A parte l'autista, ferito gravemente, nessun calciatore è stato colpito.
L'attacco è avvenuto dopo il 5-1 della squadra di Istanbul rifilato al Caykur Rizespor, nella zona del Mar Nero.
LA MANO DEGLI ULTRÀ. L'aggressione è avvenuta su una strada nei pressi di Trebisonda, sul Mar Nero, dove il Fenerbahce aveva appena battuto per 5-1 il Caykur Rizespor a Rize. Il pullman trasportava 40 persone fra giocatori e staff ed era diretto verso l'aeroporto della città per imbarcarsi per Istanbul.
Nei filmati mostrati dalle tivù turche si scorgono almeno tre fori di proiettile sul parabrezza del mezzo e tracce di sangue dell'autista ferito.
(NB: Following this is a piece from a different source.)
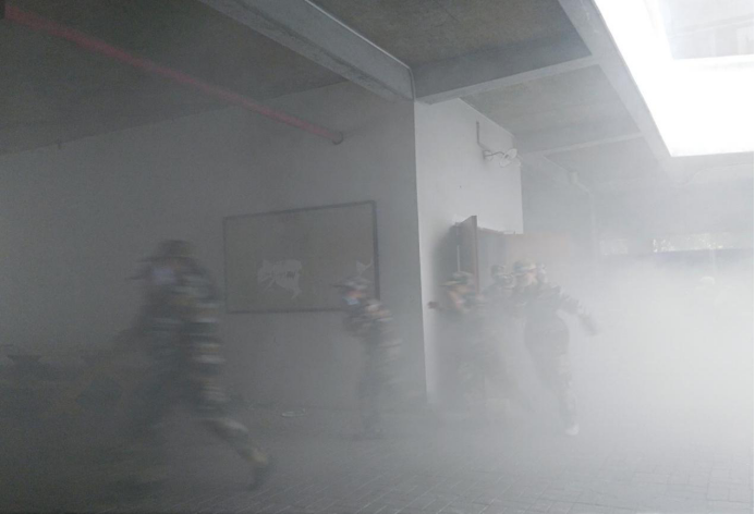 军训教官为新生讲授了火灾现场如何正确报警和自救逃生的知识,示范了如何使用干粉灭火器、如何扑救初期火灾的方法。在14栋宿舍楼开展火灾现场逃生演练中,新生用毛巾捂住口鼻,迅速有序地从烟雾弥漫的宿舍楼撤离,最终全部安全撤到田径场。学校综治办罗军主任针对此次消防演练做了动员,希望学生以演练为契机加强消防安全意识,提高自身应对突发消防事故的能力。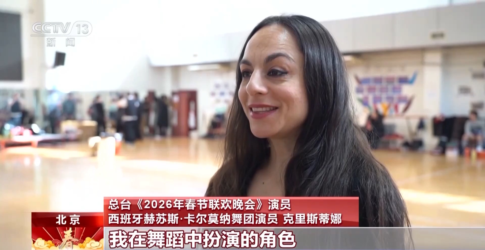 總臺(tái)《2026年春節(jié)聯(lián)歡晚會(huì)》演員 西班牙赫蘇斯·卡爾莫納舞團(tuán)演員 克里斯蒂娜:我在舞蹈中扮演的角色展現(xiàn)了西班牙如火般的熱情,這段舞蹈想要傳遞的是世界上的各個(gè)民族是可以融合在一起的。每個(gè)國(guó)家、每種文化都可以在團(tuán)結(jié)中找到共鳴。這樣的畫(huà)面很美,也希望觀眾能享受這種獨(dú)特的融合之美。

In alcune immagini si vede l'autista che sanguina dalla testa mentre cerca aiuto.
Gli inquirenti hanno ipotizzato che l'agguato possa essere stato compiuto da ultrà rivali.
CHIESTA LA SOSPENSIONE DEL CAMPIONATO. «Noi riteniamo che finché questo attacco non sarà risolto in un modo che soddisfi il Fenerbahce e l'opinione pubblica», ha commentato il club in comunicato, «sia inevitabile una sospensione del campionato. È stato sparso del sangue e il calcio è stato zittito. Trovare e punire i colpevoli è di vitale importanza per il Fenerbahce».

Secco il commento del vicepresidente del club, Mahmut Uslu: «Volevano ucciderci tutti. Il pullman era su un viadotto e se l'autista ferito non fosse riuscito a fermare il mezzo saremmo caduti tutti di sotto».
Dura condanna da parte della Federazione calcistica turca: ha chiesto che gli autori siano portati «immediatamente» davanti alla giustizia.